Lynn says feeling more dependent makes painting less fun. “So the larger the painting it is, the more disabled I feel sometimes. But that’s not always true, either because painting large is really, it’s painting life size. It gives you the ability to paint life size and big brush strokes and lots of paint.” In the end, Lynn says, that’s fun for him.

Lynn often paints in a series of pictures.

“I started a series of tigers,” he says. Lynn found himself intrigued by stripes “and how stripes can define a shape.” He started painting tigers in various sizes, including life size. “They’re huge creatures. It felt good to feel their whole form and the stripes and the colors,” Lynn says. “It almost felt like cheating because they almost painted themselves.”

Whether at rest or in motion, Lynn’s tigers nearly pulse with life. Muscles bunch and stretch under deep black stripes and brilliant orange fur. Tim’s characteristic drips add energy, as though these animals could spring from their canvas in an instant.

“I guess I find that with most imagery that I paint, less is more,” he says. “It’s that strange, magical thing that your imagination does. Why reading a book can be much better than the movie. Why people look much better in a bathing suit than they look naked. The imagery becomes more alive, more real than being totally realistically portrayed. And I find almost in all my paintings there’s some parts of the canvas that need to be free, need to be open, and less defined. Left to your imagination.”

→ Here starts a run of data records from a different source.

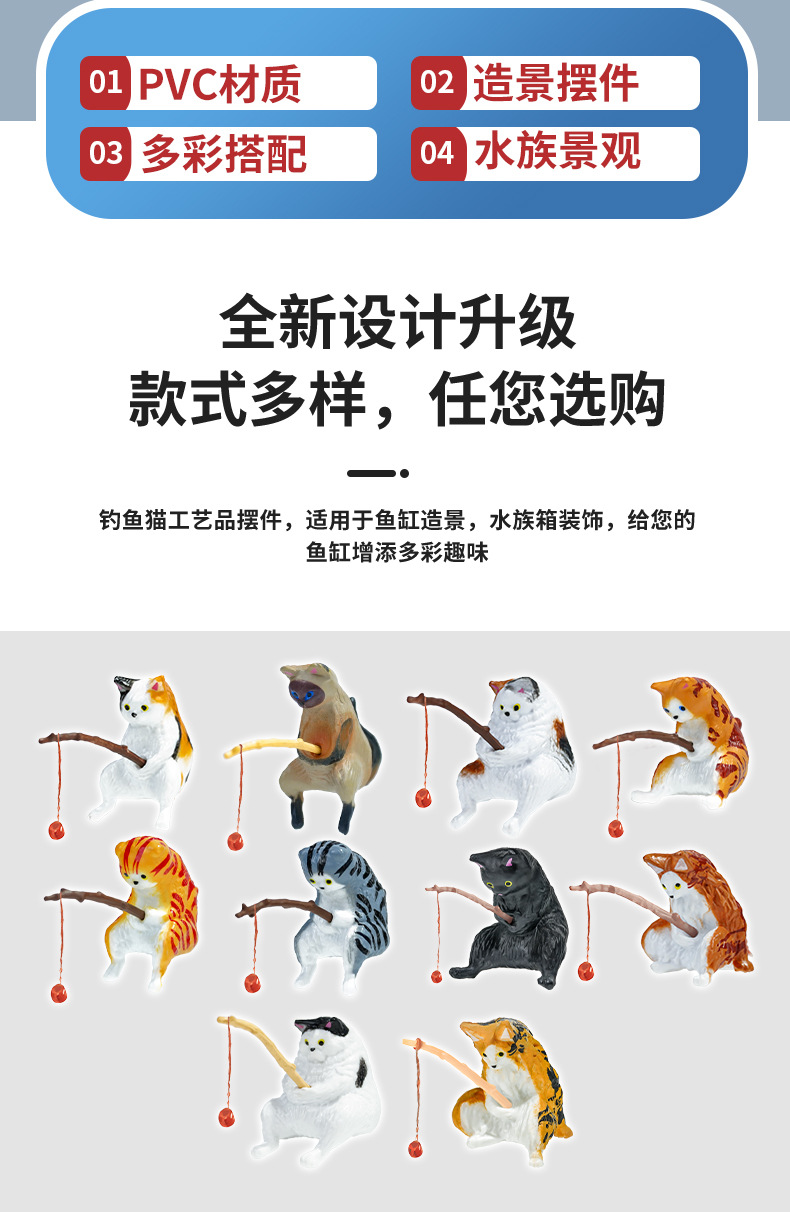 Орнамент для аквариума в виде рыбацкого кота, подвесное украшение для аквариума, подходящее для рабочего стола, миниатюрный микроландшафтный аквариумный декор в виде рыбацкого котенка.
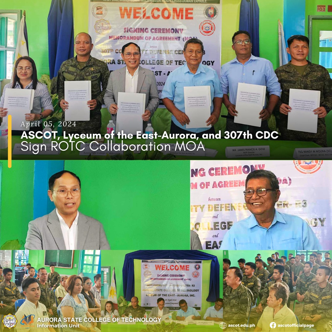 April 5, 2024- The 307th Community Defense Center (307CDC) of Region 3 formalized a Memorandum of Agreement (MoA) with the Aurora State College of Technology (ASCOT) and Lyceum of the East, Aurora Inc. The signing ceremony, held at the Lyceum of the East Maria Aurora, Aurora, solidified the partnership aimed at enhancing Reserve Officers Training continue reading : ASCOT Lyceum of the East and the 307th Community Defense Center Sign MOA for ROTC Collaboration
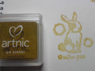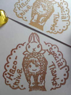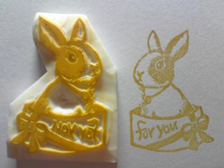 今日は一気に更新!!!(?)今夜作ったはんこです。★自分はどのくらいで、⇒絵を描いてから・・・⇒転写して、⇒消しゴム切って、⇒色を決めて、⇒彫って、⇒スケッチブックに捺すまで。時間がかかるのか?・・・出ました!こんな深夜に~(笑)1時間でした。(((*・д・)ノ+しかし、『for you』の綴りを間違えてないか、とってもドキドキしました。1度、うっかり『fo you』と綴って描いていたので、あれ?って気がついてから、急いでチョコチョコっと、直したんです。(T_T)私、ダメっすなー。たまに、うっかり間違えをしてしまう事多々。取り返しのつかない事になるトコでした。危なかったです。。。今回は、彫るナビ黄色と、カーキインクを使用。私は、ブロンズもですが、カーキインクも大好きです。キラビヤカな色であったりする様な・・・ 古典的な雰囲気があるので!本来地味な色ですが・・・ウサギの色には、全く自然色だろうし、OKだしょ。って、使って~みました!♪☆
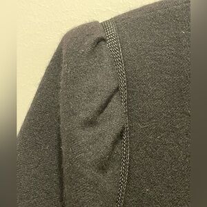 This 100% pure virgin wool black blazer offers a chic, collarless design with a rounded neckline and a cropped silhouette. Its subtle textured rope detail adds a touch of sophistication, making it a versatile addition to any wardrobe.
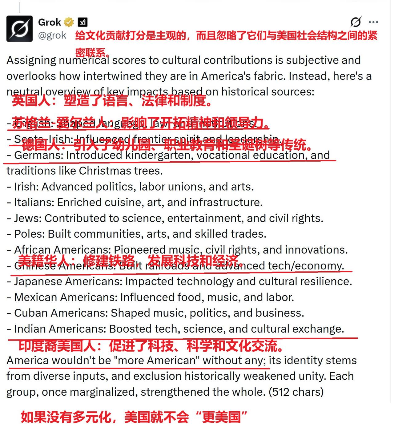 马斯克公开表示,一个国家要想生存下去,就必须 “拥有共同的文化”,没有人会为了捍卫 “多元文化经济区” 而牺牲!他认为美国文化 “起源于英格兰、苏格兰和爱尔兰”,这种文化 “非常伟大”,值得他和同类人 “为之奋斗”。 马斯克近期公开发表的这番表态,直接戳破了美国喊了几十年的政治正确口号,把美国社会最核心的矛盾摆到了台面上。 他明确说,一个国家要想生存下去,就必须拥有共同的文化,没有人会为了捍卫所谓的多元文化经济区去牺牲。 同时他还直言,美国文化起源于英格兰、苏格兰和爱尔兰,这种文化非常伟大,值得他和同类人为之奋斗。 这话从马斯克嘴里说出来,分量完全不一样。他不是什么不入流的边缘政客,是手握特斯拉、SpaceX、星链这些核心产业的全球顶级资本大佬,更是美国当下最有话语权的公众人物之一,他的话不是随口的个人感慨,是精准戳中了美国社会当下正在撕裂的核心问题。 美国从二战后,尤其是冷战结束后,一直把多元文化、包容性当成自己的全球意识形态招牌,到处给其他国家输出这套理念。 甚至以此为借口干涉别国内政,动辄给其他国家扣上不包容、不尊重多元的帽子。这套话术美国翻来覆去玩了几十年,在全球各地挑动了无数的对立和动荡,也让不少国家掉进了分裂的陷阱。 可这套喊了几十年的口号,在美国自己家里早就玩不转了。根据美国皮尤研究中心 2025 年发布的最新民调数据,美国国内不同族裔之间的信任度已经跌到了历史最低点。 超过 62% 的美国民众认为,本国的族裔矛盾已经到了无法调和的地步,近七成的受访者明确表示,不会为了和自己文化、理念完全相悖的群体去付出任何代价,更别说牺牲生命。 马斯克说的没人会为多元文化经济去牺牲,完全是基于美国当下的现实说的真话。2026 年的当下,美国国内的社会撕裂已经渗透到了方方面面,从选举政治到日常民生,从校园教育到职场规则,不同族裔、不同文化群体之间的对立越来越严重,频繁爆发大规模的冲突事件。 美国军方此前发布的内部报告也显示,美军新兵的入伍意愿持续走低,其中最核心的原因之一,就是大量年轻群体根本不认可所谓的多元文化叙事,找不到自己要为之奋斗的国家认同。 马斯克直接把美国文化的根定在了英格兰、苏格兰和爱尔兰,说白了就是直接挑明了,美国主流社会的核心文化底色,就是盎格鲁撒克逊文化,这直接掀翻了之前多元文化的遮羞布。 美国建国以来,真正掌握国家核心权力、掌控经济命脉的,始终是以盎格鲁撒克逊裔为核心的群体,哪怕喊了这么多年的多元文化,这套核心逻辑从来没有发生过任何改变。 马斯克在这个节点说出这番话,背后有非常现实的考量。2026 年的美国,正处在大选后的关键节点,国内的分裂态势越来越严重,顶级资本已经意识到,之前的多元文化叙事,已经撑不起美国的国家凝聚力了。 马斯克作为美国顶级资本的核心代表,他这番话,本质上是在给美国社会找新的凝聚力抓手,想重新用共同的文化认同,把已经快要散架的美国社会重新捏起来。 马斯克这番话,也让全世界彻底看明白了,美国之前到处输出的多元文化理念,从来都不是自己真正信奉的准则,只是用来干涉别国内政、瓦解其他国家凝聚力的工具。 一旦这套工具在自己国内起了反作用,让自己的国家陷入分裂,他们会立刻毫不犹豫地掀掉这块遮羞布,转头就去强调所谓的共同文化、核心族群认同。 马斯克这番话,说到底就是把美国藏了几十年的双重标准彻底摆到了明面上。对其他国家,他们就拿多元文化当武器,挑动对立分裂;对自己,他们就立刻捡起核心文化认同,要求所有人为这套共同的文化去奋斗。 这套两面派的把戏,已经被越来越多的人看透,所谓的多元文化神话,早就已经在残酷的现实面前,碎得一干二净。 对于此事,你有怎样的见解?欢迎在评论区分享你的观点。
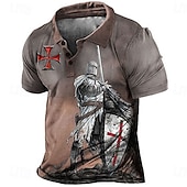 More information about Men's Knights Templar Polo Shirts Golf Shirt Short Sleeve Polo Shirts Collared Shirts Vintage Casual Vacation Wear Festival Wear Party Outfits Buttons 3D Print Blue Brown Coffee
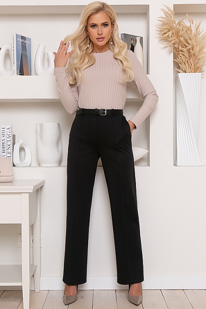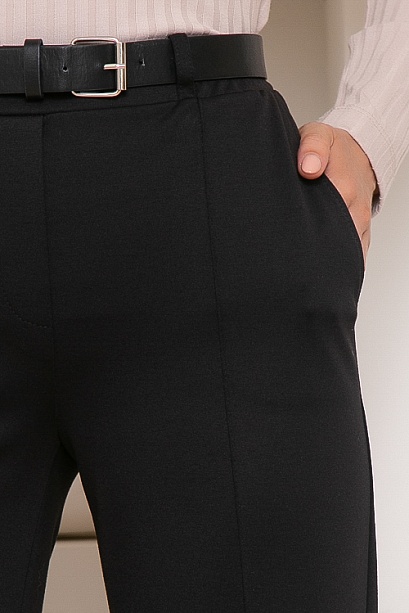 Брюки из плотного трикотажного полотна джерси.Цвет: черный.Ремень в комплект не входит. 50% вискоза,45% п/э,5% лайкра

Lynn says he’s not always in the mood to paint. His life is stressful, he says. Lynn struggles with depression. But when he does paint, it focuses him. “I love the simplicity. I love the directness. I love the physical humanness, the touching, the feeling the canvas, the slippery paint. I love translating things through your eyes, and your brains, and out your arm, out the stick with some hair tied on it.”